Extracted material
____

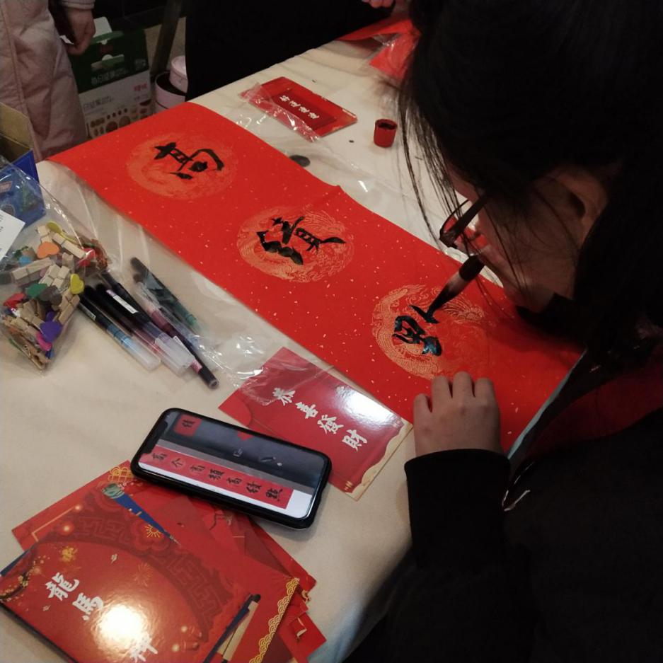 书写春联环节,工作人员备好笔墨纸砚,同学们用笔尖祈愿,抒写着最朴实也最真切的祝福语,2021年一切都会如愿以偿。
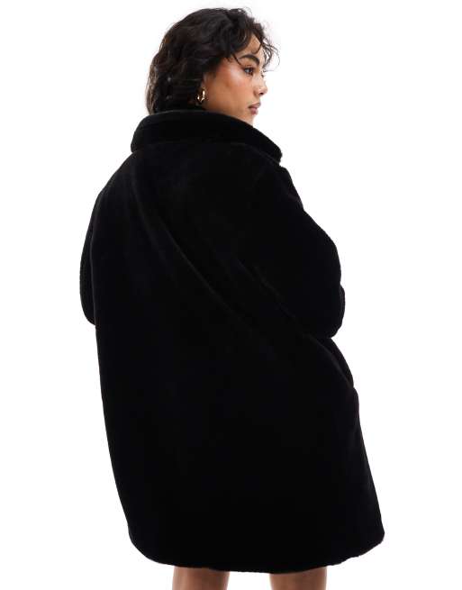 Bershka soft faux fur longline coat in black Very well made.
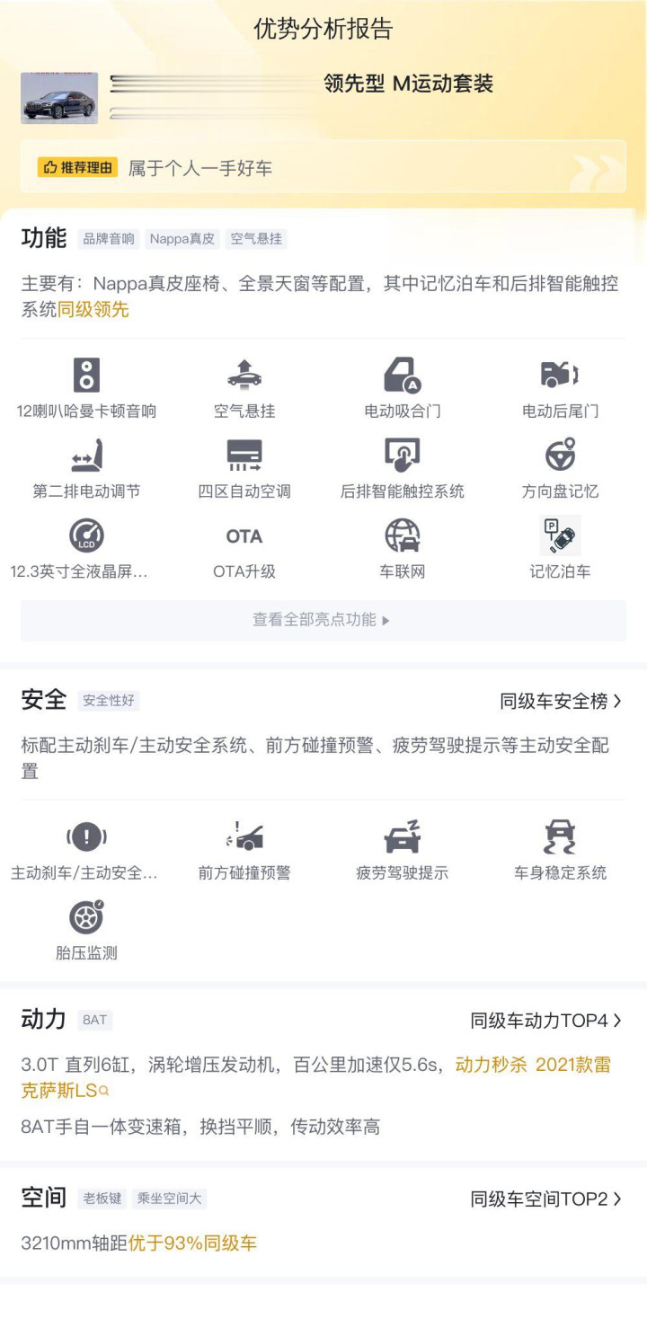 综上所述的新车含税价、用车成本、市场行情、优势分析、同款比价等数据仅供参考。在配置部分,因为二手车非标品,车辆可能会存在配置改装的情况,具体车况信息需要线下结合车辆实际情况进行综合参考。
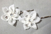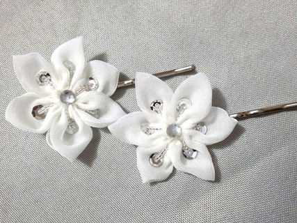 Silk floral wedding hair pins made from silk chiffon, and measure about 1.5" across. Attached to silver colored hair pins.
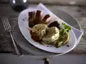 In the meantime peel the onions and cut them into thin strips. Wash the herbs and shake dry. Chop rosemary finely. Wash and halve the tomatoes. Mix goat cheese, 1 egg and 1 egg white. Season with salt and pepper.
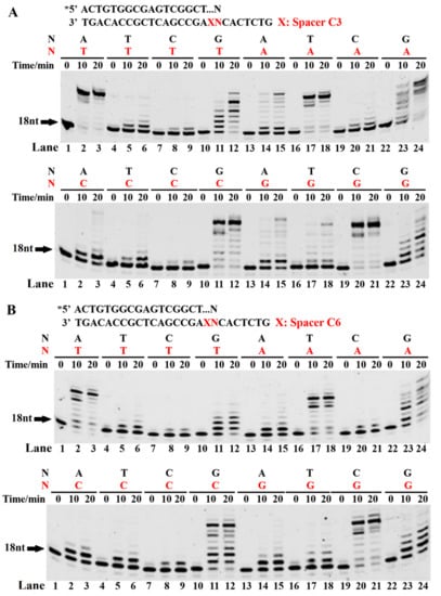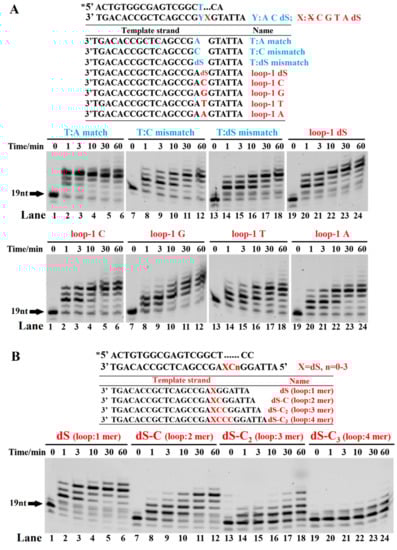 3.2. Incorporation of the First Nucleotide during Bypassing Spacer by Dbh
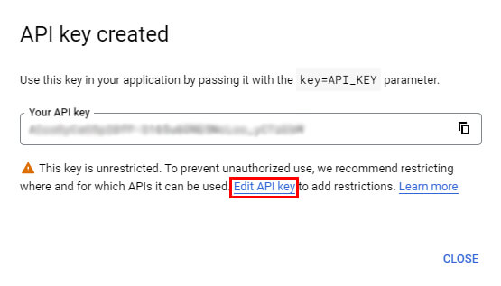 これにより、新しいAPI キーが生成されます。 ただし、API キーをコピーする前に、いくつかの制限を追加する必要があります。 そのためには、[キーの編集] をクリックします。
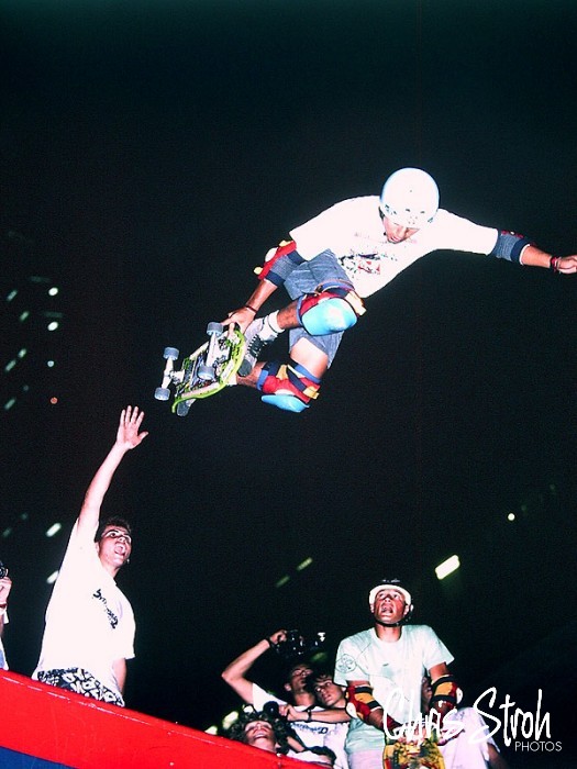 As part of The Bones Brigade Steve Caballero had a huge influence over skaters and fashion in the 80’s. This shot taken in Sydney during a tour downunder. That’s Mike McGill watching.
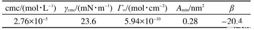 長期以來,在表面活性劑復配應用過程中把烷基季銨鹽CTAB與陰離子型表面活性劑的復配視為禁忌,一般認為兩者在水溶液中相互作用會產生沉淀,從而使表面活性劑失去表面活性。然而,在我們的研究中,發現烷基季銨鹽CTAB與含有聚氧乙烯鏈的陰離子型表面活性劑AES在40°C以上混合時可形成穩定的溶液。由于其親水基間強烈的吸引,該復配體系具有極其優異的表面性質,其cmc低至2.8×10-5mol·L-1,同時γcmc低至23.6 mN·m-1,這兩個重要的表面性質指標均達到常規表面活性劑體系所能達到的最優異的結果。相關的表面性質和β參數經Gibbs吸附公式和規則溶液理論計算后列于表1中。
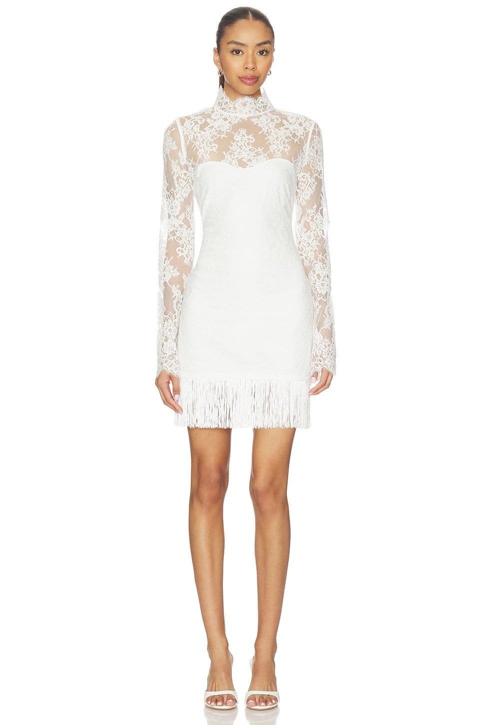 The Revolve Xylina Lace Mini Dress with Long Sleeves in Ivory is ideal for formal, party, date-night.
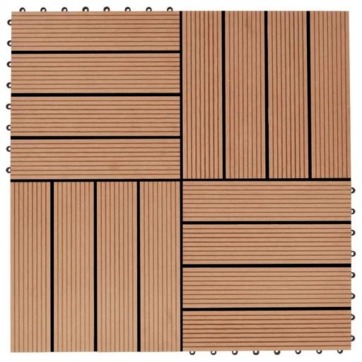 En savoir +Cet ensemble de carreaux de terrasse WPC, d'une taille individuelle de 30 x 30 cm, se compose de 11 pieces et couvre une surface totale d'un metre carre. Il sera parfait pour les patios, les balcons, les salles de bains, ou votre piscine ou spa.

____

About this exercise
Output the whole of the data, unchanged; keep the pictures out.

Written solution
 书写春联环节,工作人员备好笔墨纸砚,同学们用笔尖祈愿,抒写着最朴实也最真切的祝福语,2021年一切都会如愿以偿。
 Bershka soft faux fur longline coat in black Very well made.
 综上所述的新车含税价、用车成本、市场行情、优势分析、同款比价等数据仅供参考。在配置部分,因为二手车非标品,车辆可能会存在配置改装的情况,具体车况信息需要线下结合车辆实际情况进行综合参考。
 Silk floral wedding hair pins made from silk chiffon, and measure about 1.5" across. Attached to silver colored hair pins.
 In the meantime peel the onions and cut them into thin strips. Wash the herbs and shake dry. Chop rosemary finely. Wash and halve the tomatoes. Mix goat cheese, 1 egg and 1 egg white. Season with salt and pepper.
 3.2. Incorporation of the First Nucleotide during Bypassing Spacer by Dbh
 これにより、新しいAPI キーが生成されます。 ただし、API キーをコピーする前に、いくつかの制限を追加する必要があります。 そのためには、[キーの編集] をクリックします。
 As part of The Bones Brigade Steve Caballero had a huge influence over skaters and fashion in the 80’s. This shot taken in Sydney during a tour downunder. That’s Mike McGill watching.
 長期以來,在表面活性劑復配應用過程中把烷基季銨鹽CTAB與陰離子型表面活性劑的復配視為禁忌,一般認為兩者在水溶液中相互作用會產生沉淀,從而使表面活性劑失去表面活性。然而,在我們的研究中,發現烷基季銨鹽CTAB與含有聚氧乙烯鏈的陰離子型表面活性劑AES在40°C以上混合時可形成穩定的溶液。由于其親水基間強烈的吸引,該復配體系具有極其優異的表面性質,其cmc低至2.8×10-5mol·L-1,同時γcmc低至23.6 mN·m-1,這兩個重要的表面性質指標均達到常規表面活性劑體系所能達到的最優異的結果。相關的表面性質和β參數經Gibbs吸附公式和規則溶液理論計算后列于表1中。
 The Revolve Xylina Lace Mini Dress with Long Sleeves in Ivory is ideal for formal, party, date-night.
 En savoir +Cet ensemble de carreaux de terrasse WPC, d'une taille individuelle de 30 x 30 cm, se compose de 11 pieces et couvre une surface totale d'un metre carre. Il sera parfait pour les patios, les balcons, les salles de bains, ou votre piscine ou spa.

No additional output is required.